To take effect next year (if the measure is enacted), Budget 2015 proposes an exemption from certain withholding requirements on payments from “qualifying non-resident employers” to “qualifying non-resident employees” in respect of employment income earned in Canada. At a high-level, this means that nonCanadian resident employers that are resident in a country with which Canada has a tax treaty will not have to make withholdings on account of Canadian income tax on payments made to a non-resident employee in respect employment services performed in Canada if the employee (i) is exempt from Canadian income tax in respect of the payment because of a tax treaty, and (ii) is not in Canada for 90 or more days in any 12-month period that includes the time of the applicable payment.

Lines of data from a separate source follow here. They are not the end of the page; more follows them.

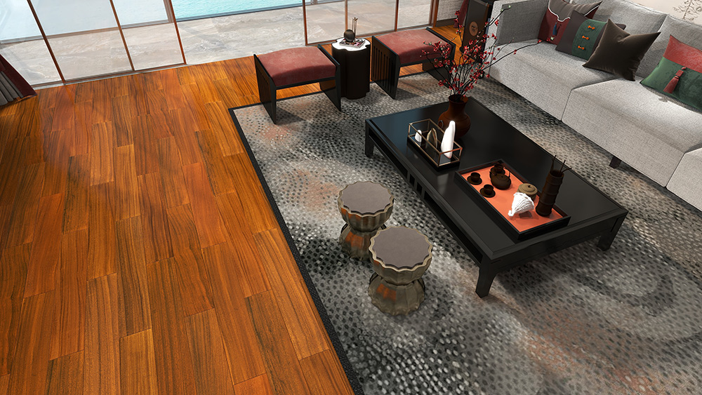 番龍眼實木地板油吸收性強,顏色自然柔和、紋理清晰真實,保留木材本質的色調且均勻,不會出現(xiàn)色差。安裝效果好,給人一種古香古色感覺。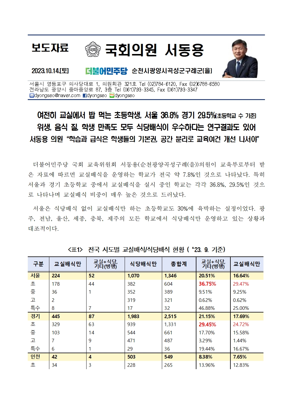 20. 231014_국감_서동용_교실서 급식먹는 서울경기 초등학교 31.7% 교육여건 개선 나서야.hwp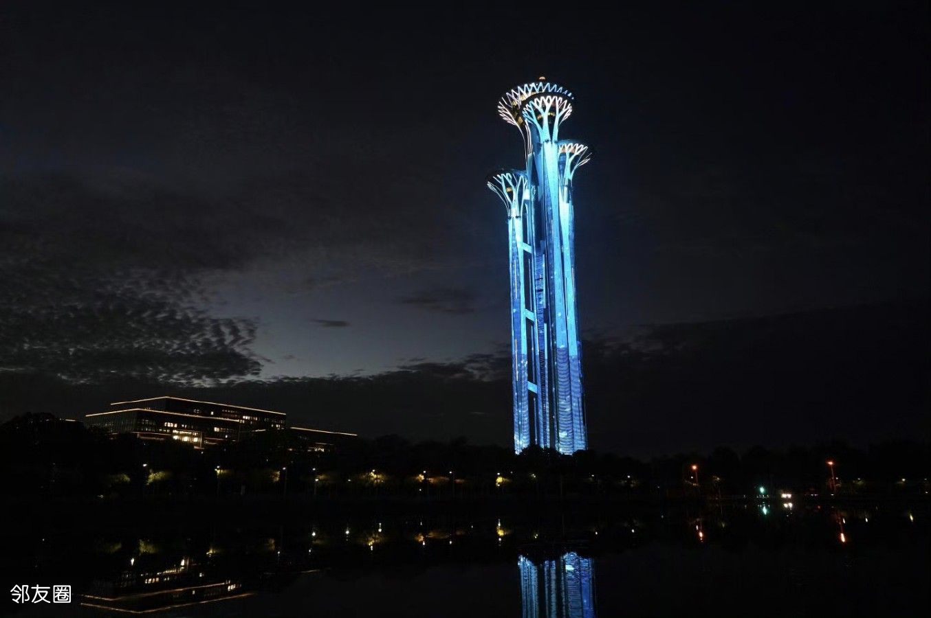 当夜幕降临,奥林匹克塔等建筑仿佛被赋予了新的生命。鲜艳的气球、飘带、粒子等元素在灯光的映照下,营造出首都北京喜庆迎宾的热烈氛围。五彩斑斓的灯光交织变幻,时而如璀璨星河般闪耀,时而如灵动的画卷般展开,为市民和游客带来一场视觉盛宴。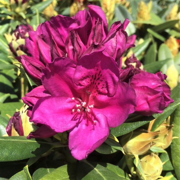 This compact variety stays short and has a unique spreading form. Rich, vibrant plum wine-colored flowers develop on long trusses above attractive evergreen foliage. Every bloom is daubed with scarlet red "blotch" for added depth.
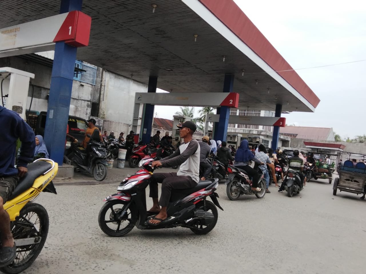Akibat kelangkaan bahan bakar minyak (BBM) yang terjadi saat ini, ratusan warga para pengendara sepeda motor dan mobil, terpaksa harus rela antre berjam-jam untuk mengisi BBM jenis bio solar dan pertalite di sejumlah SPBU yang ada di Kota Tanjungbalai.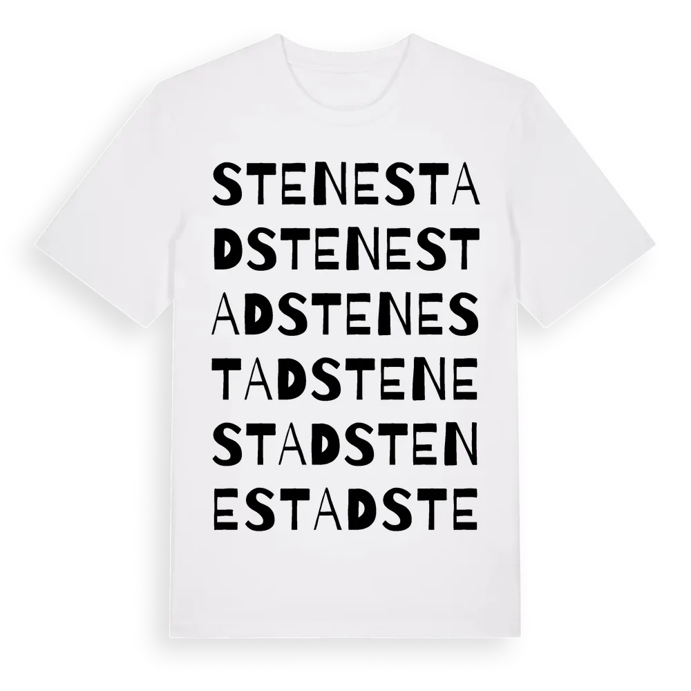 Stenestad ordlek t-shirt är inspirerad av byn Stenestad i Skåne län, Sverige. Tröjan är designad för dig som har en speciell koppling till platsen – oavsett om du bor här, har rötterna här eller bara älskar Stenestad.

This is a long-overdue measure that will save us the embarrassment of telling our non-resident and multinational clients that they are technically required to make the aforementioned withholdings regardless of how briefly the non-resident employee is in Canada and regardless that the employee will be exempt from Canadian tax because of a tax treaty. More importantly, the measure will ease the administrative burden on non-resident businesses (or eliminate the unease of intentional noncompliance with the current technical withholding requirements) and will avoid the prospect of “double deductions” (home and source country) from an employee’s pay.

To qualify for the exemption, the non-resident employer must (i) not carry on business through a Canadian permanent establishment of the employer in the relevant fiscal period, and (ii) must make certain filings to become certified and be so certified at the time of the applicable payment. Further, non-resident employers will continue to have reporting obligations with respect to amounts paid to its employees and, subject to a due diligence defence, will be liable for withholdings to the extent that the non-resident employees were not in fact qualifying non-resident employees.

If these measures are enacted, multinational groups may wish to rethink putting a non-resident employee of a foreign member of the group onto the payroll of a Canadian member for the period in which the employee is working in Canada (as is often done to avoid Canadian filing obligations for the foreign member).